Mon, Jan 23, 2006 - Page 2 News List

Kindergartens too commercialized now, teachers say

INTERFERENCE Teachers say that intense competition between schools and more meddling from parents have led to too little emphasis on kids' developmental needs

By Jenny Chou  /  STAFF REPORTER

"With competition being so strong, schools are often in a position where they have to comply with the parents' wishes. If the parents ask for English classes, the schools will find a way of providing them, or the parents will go elsewhere," Lin said.

Lin said that due to parental demands, another trend was that Web cameras were being installed in classrooms. By keying in a pin number, parents have become "Big Brothers" of the kindergarten world, keeping teachers on a short leash.

"This puts an enormous amount of pressure on teachers, some of whom feel like they're being judged and spied on. It can also cause misunderstandings, since parents can only see images and aren't able to hear what's going on," she said.

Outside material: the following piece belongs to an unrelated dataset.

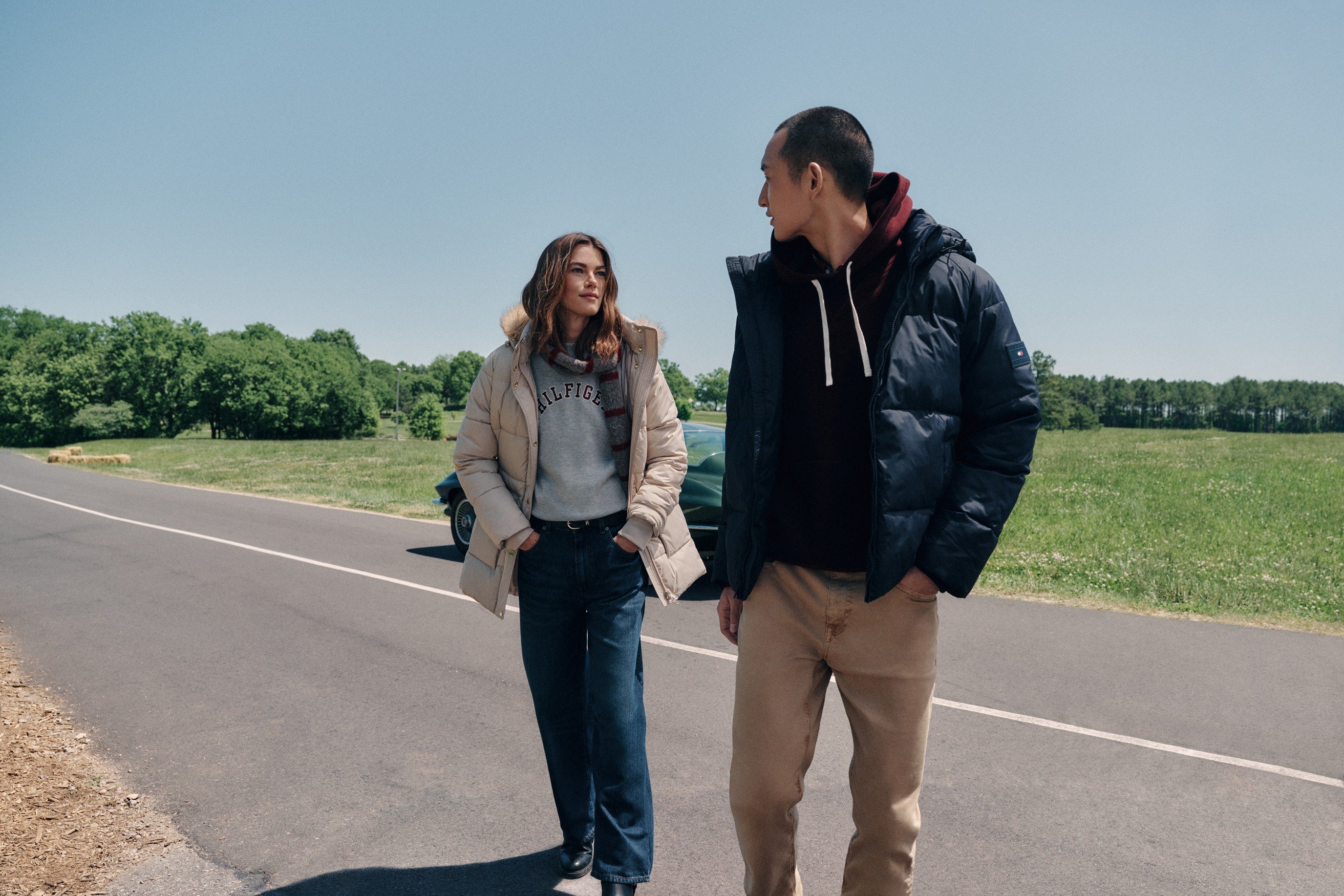 Segmentul de outerwear completează povestea printr-o selecție de paltoane, trench-uri și jachete cu linii clare și detalii subtile. Fiecare model păstrează ADN-ul clasic Tommy Hilfiger, reinterpretându-l într-o cheie modernă—de la sacouri structurate la parka matlasate ușoare, gândite pentru stratificări inteligente și pentru a înfrunta cu stil vremea schimbătoare.

Gillian Chen (陳昭蓉), who is licensed to teach kindergarten, said, "Parents these days interfere too much. Compared to before, when parents would leave their children in the teacher's care, nowadays they tell teachers what to do."

According to kindergarten teacher Katy Shih (施家齡), kindergarten teachers' duties have also changed, with parents asking teachers to train their children in personal care such as using the toilet, tying shoelaces and even putting on clothes.

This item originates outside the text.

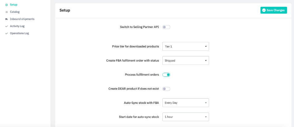 The Amazon FBA integration allows some options to be customized. These are found by navigating to Integrations → FBA and then selecting your Amazon connection, on the Setup tab.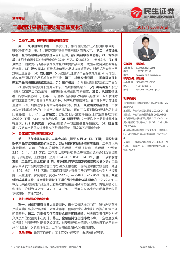 【民生证券】【20230609】二季度以来银行理财有哪些变化?-24页

"Parents are too busy these days to teach their children, some don't even know how. They treat kindergartens like a babysitting facility," she said.

With such a huge kindergarten market, Lin urged parents to choose schools carefully and think about what was best for their child's development, rather than be swayed by some school's slick marketing and sales pitches.

Lin said that parents should obtain details about a school, such as whether it is licensed or not, from local education authorities.